Does HOPE occur in all flares? Different kinds of flares arguably do exist -- notably, eruptive flares clearly differ from confined flares. A "Hyder flare", probably better described as a "filament eruption" or disparition brusque quite noticeable from day-on-day observations in the chromospheric Fraunhofer line H&\alpha;, when a filament will just mysteriously disappear. Figure 1 shows the Wikipedia example of a Hyder flare, SOL2014-11-01T05:34 (C3).
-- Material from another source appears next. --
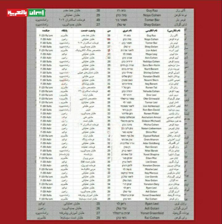 وأشارت الشبكة إلى أن البيانات المسربة تشمل: الاسم الكامل، العمر، الوحدة القتالية، القاعدة الجوية، والدور الميداني لكل طيار، وهي تعد من أكثر المعلومات سرية في المؤسسة العسكرية الصهيونية.

HOPE in flares and filament eruptions
The HOPE phenomenon is best recognized from a diagnostic diagram tracing out a flare's thermal X-ray emission. Figure 1 plots two of these diagrams, which show the evolution of isothermal temperature vs. emission measure. Generally this plot circulates in the clockwise sense, and the HOPE appears as a horizontal branch at rough fixed (hot) temperature while the emission measure rises steadily. In a major solar flare, plasma temperatures may rise to 15-10 MK, typically following the hard X-ray/microwave "impulsive phase".
Conclusion
We find that filament-eruption events also show HOPE. What does it mean? As yet there is no theoretical or modeling counterpart to this obviously important phase of a flare - it is important enough that one can reliably anticipate flare occurrence. It seems likely that the HOPE represents the fundamental flare instability, and that the impulsive phase, particle acceleration, CME and CSHKP phenomena are secondary effects and actually optional.
So, yes there is HOPE, but there is no need for a separate category of Hyder flares.